◆ DESCRIPTION OF THE TASK ◆
Return the line that has "Finalmente nos vamos" and all lines below it through the last, exactly as they stand; omit pictures.

◆ DATASET ◆
····················
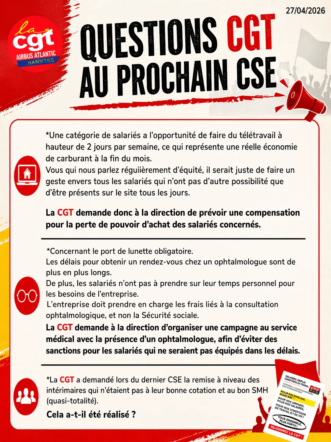 Invitation tous.tes les syndiqué.es CGT le 27/03 ou 03/04 à 11H
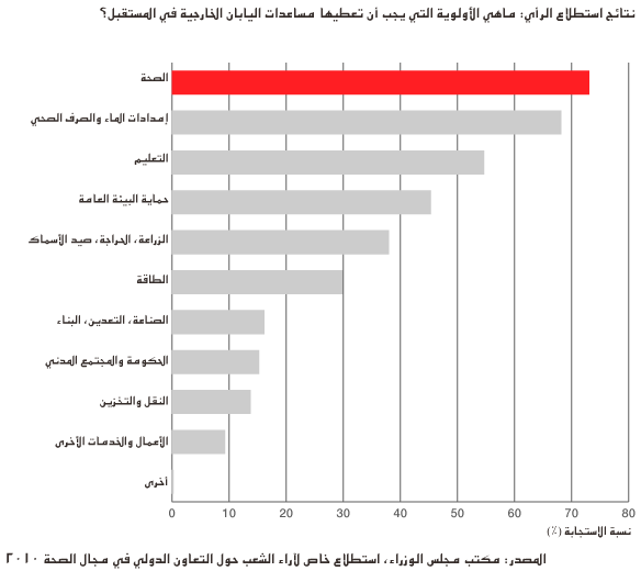 وقد أعرب نحو ٧٣٫١٪ من اليابانيين على الأقل في استطلاع للرأي العام جرى مؤخراً عن اعتقادهم بأنه على اليابان أن تولي القضايا الصحية أولويتها في مساعداتها الإنمائية الرسمية.
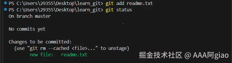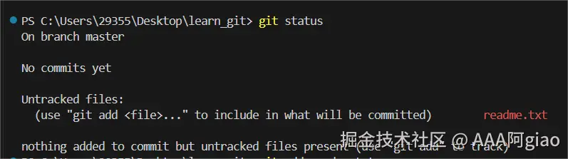 显示 readme.txt 是“Untracked files”未跟踪的文件,表示它尚未被纳入版本控制。
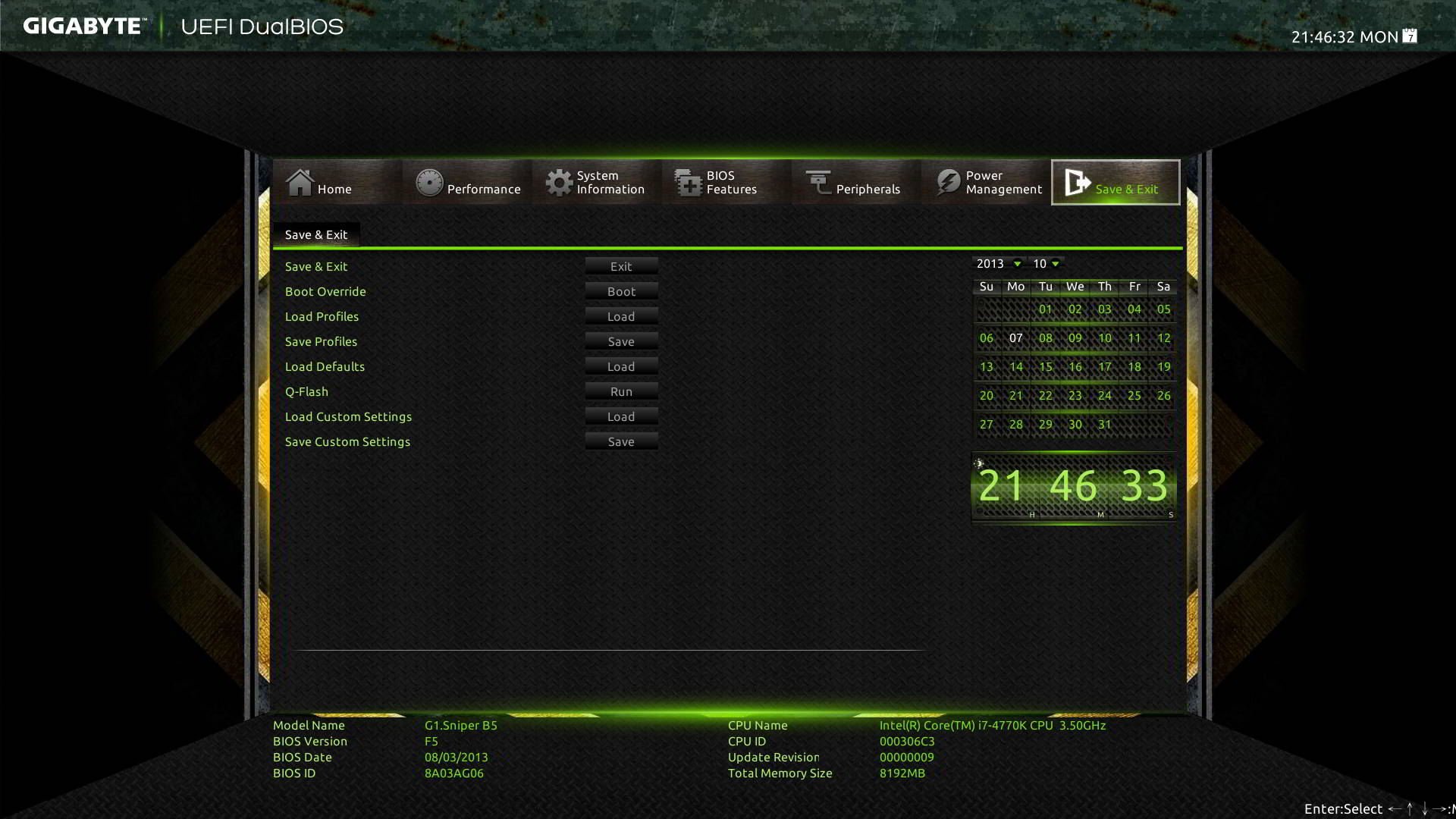 Finalmente nos vamos retirando de la BIOS en la G1.Sniper B5 para encontrarnos con el estándar de toda buena placa actual: Un buen puñado de perfiles para guardar y cargar, además de una utilidad integrada a la BIOS que nos sirve para actualizar, es muy sencillo: Dejan la BIOS que quieran instalar en un flashdrive en formato FAT, entran a la BIOS, inician la utilidad Q-Flash – que pueden ver en la última imagen – y navegan su unidad de almacenamiento hasta encontrar la BIOS deseada. Aceptas un par de botones y luego de un par de minutos el PC se reiniciará solo, eso es todo, tu BIOS quedó actualizada.
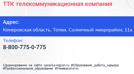 ТТК, телекоммуникационная компания по адресу Кемеровская область, Топки, Солнечный микрорайон, 11а в дальнейшем Организация, размещена в следующих категориях:
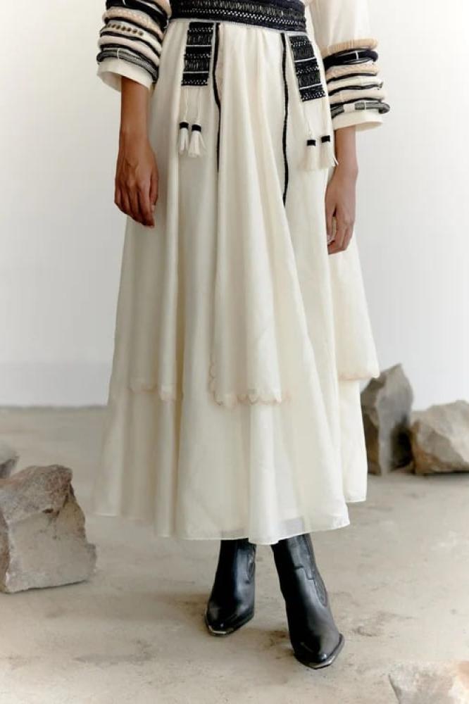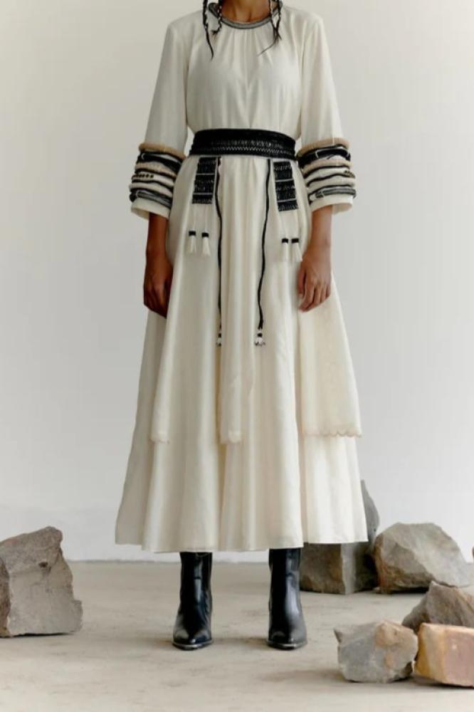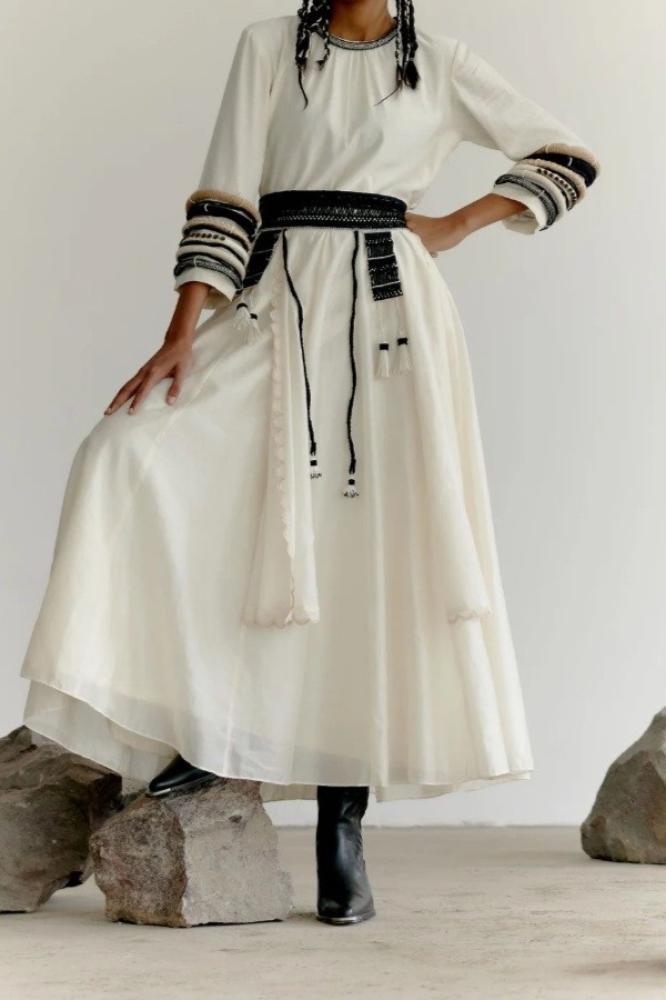 فستان هندي طويل باللون العاجي، مصنوع من قماش خفيف بتفاصيل تطريز يدوي على الأكمام وحزام أسود مطرز يبرز جمال الخصر، يجمع بين الأصالة الهندية والفخامة العصرية في تصميم راقٍ وانسيابي.
····················
◆ EXPECTED ANSWER ◆
 Finalmente nos vamos retirando de la BIOS en la G1.Sniper B5 para encontrarnos con el estándar de toda buena placa actual: Un buen puñado de perfiles para guardar y cargar, además de una utilidad integrada a la BIOS que nos sirve para actualizar, es muy sencillo: Dejan la BIOS que quieran instalar en un flashdrive en formato FAT, entran a la BIOS, inician la utilidad Q-Flash – que pueden ver en la última imagen – y navegan su unidad de almacenamiento hasta encontrar la BIOS deseada. Aceptas un par de botones y luego de un par de minutos el PC se reiniciará solo, eso es todo, tu BIOS quedó actualizada.
 ТТК, телекоммуникационная компания по адресу Кемеровская область, Топки, Солнечный микрорайон, 11а в дальнейшем Организация, размещена в следующих категориях:
 فستان هندي طويل باللون العاجي، مصنوع من قماش خفيف بتفاصيل تطريز يدوي على الأكمام وحزام أسود مطرز يبرز جمال الخصر، يجمع بين الأصالة الهندية والفخامة العصرية في تصميم راقٍ وانسيابي.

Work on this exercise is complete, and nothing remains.